Um dia seremos velhos.
Se os anos nos acompanharem, se a saúde nos lá fizer chegar, se uma praga não
nos matar corpo ou alma, chegaremos a velhos.
Um dia as rugas serão mais do que a pele lisa, os cabelos perderão a cor de
juventude, as articulações ganharão pedaços que não estão existem ainda. A
flacidez chegará, as curvas na coluna, os calos nos pés, os sinais nas mãos.
Um dia seremos velhos.
Nesse dia, quando a memória já não for capaz de reter tudo o que os dias
viveram, e as pernas não acompanharem cinco lanços de escadas, que a
dignidade viva, de cabeça erguida.
Nesse dia, quando as roupas pingarem um pouco mais e os olhos virem um
pouco menos, que tudo o que os anos trouxeram permaneça intacto, preservado,
inteiro. Inteiro o ser que acolhe todos esses anos, toda essa vida.

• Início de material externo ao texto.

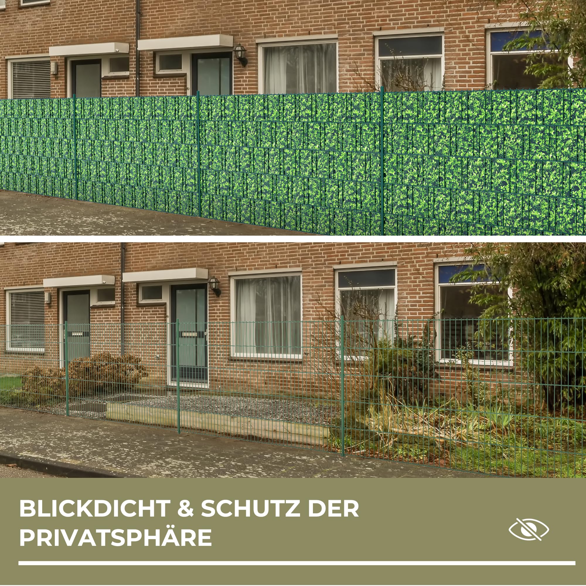 - 【Schutz der Privatsphäre】 Die PVC Doppelstabmattenzäune schützen Ihren Balkon, Terrasse oder Garten vor Wind und neugierigen Blicken. Sind die PVC Sichtschutzstreifen montiert, fixieren Sie die Enden noch mit den Befestigungsklammern und sorgen damit ganz unkompliziert für einen optisch runden und funktionalen Abschluss.
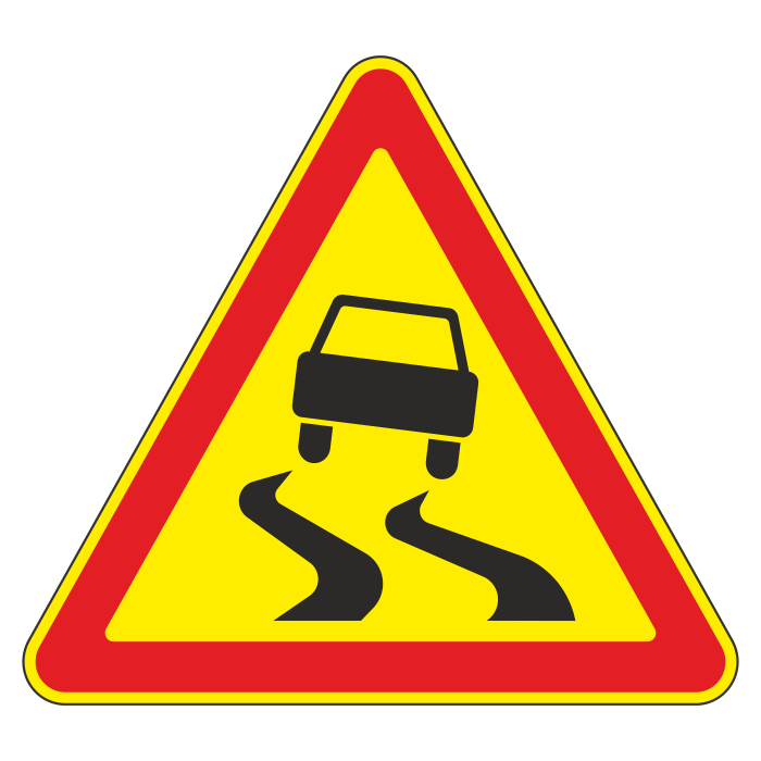 Дорожный знак 1.15 «Скользкая дорога» (временный) (металл 0,8 мм, IV типоразмер: сторона 1500 мм, С/О пленка: тип А инженерная) в Омске купить
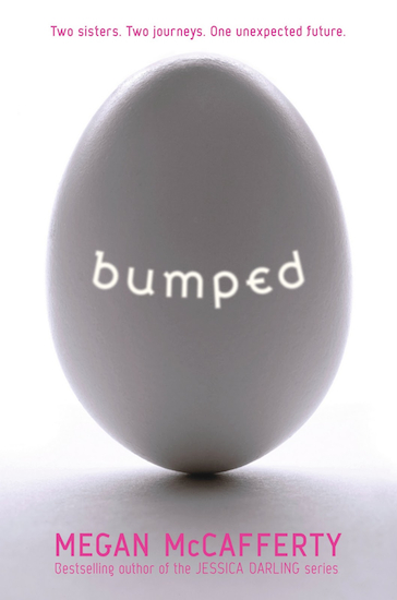 In the dystopian world of Bumped, a virus has destroyed people’s ability to reproduce after their late teens, so teen pregnancy has become a valuable commodity. Teens are getting pregnant as young as eleven. Stores sell “fun bumps” where you can wear different-sized pregnant bellies (with real moving parts to simulate fetal movement!). Slang is all pregnancy-oriented. Fast food is packed with pregnancy vitamins. And so on.
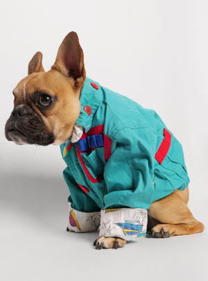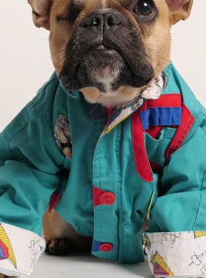 Fits chest size 20-25". Gibson (the one-eyed model) weighs 18 lbs, measures 20" around the thickest part of his chest. The sleeves can be cuffed for an extra fitted look.
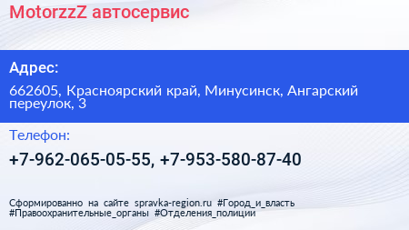 MotorzzZ, автосервис по адресу 662605, Красноярский край, Минусинск, Ангарский переулок, 3 в дальнейшем Организация, размещена в следующих категориях:

Agora nos meus trintas, e enquanto o vento me sopra nas pernas ágeis, penso no
que serei quando os anos tiverem passado mais por mim e por elas. Penso no
quanto desejo encontrar-me íntegra, coerente com o que este inicial assentar de
raízes me tornou.
Penso nos amigos e no quanto desejo vê-los a envelhecer também em beleza de
dentro. Como seremos nós quando as rugas chegarem e o cabelo enfraquecer?

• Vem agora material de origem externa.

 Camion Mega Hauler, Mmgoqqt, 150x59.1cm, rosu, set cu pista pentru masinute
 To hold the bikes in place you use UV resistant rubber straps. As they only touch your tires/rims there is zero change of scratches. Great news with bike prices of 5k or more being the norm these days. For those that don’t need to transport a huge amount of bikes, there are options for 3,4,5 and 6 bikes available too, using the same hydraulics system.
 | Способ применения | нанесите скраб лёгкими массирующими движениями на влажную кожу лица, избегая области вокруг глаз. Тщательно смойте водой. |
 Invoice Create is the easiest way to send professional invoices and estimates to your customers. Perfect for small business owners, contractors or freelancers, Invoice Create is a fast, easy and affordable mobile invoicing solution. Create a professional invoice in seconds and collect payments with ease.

O que se manterá do que somos? O que se perderá, o que chegará?
Porque um dia seremos velhos.
E para que a velhice não me assuste, desejo pensá-la como um caminho
continuado, e não como um fim anunciado. Quero pensar que me tornarei mais,
não menos.
Há pouco tempo ouvi de um amigo: “Um dia serás uma velhotinha com histórias
para contar. Daquelas que a malta nova encontra e até fica a ouvir”. E pensei que
não queria ser uma velhotinha que “até” se fica a ouvir. Pensei que todos os
velhotinhos deveriam ter filas diante, filas de gente a querer ouvir, a desejar
saber como foi, quanto coube naqueles dias, que coisas os fizeram, como eram os
antigamentes de que só eles guardam lembrança.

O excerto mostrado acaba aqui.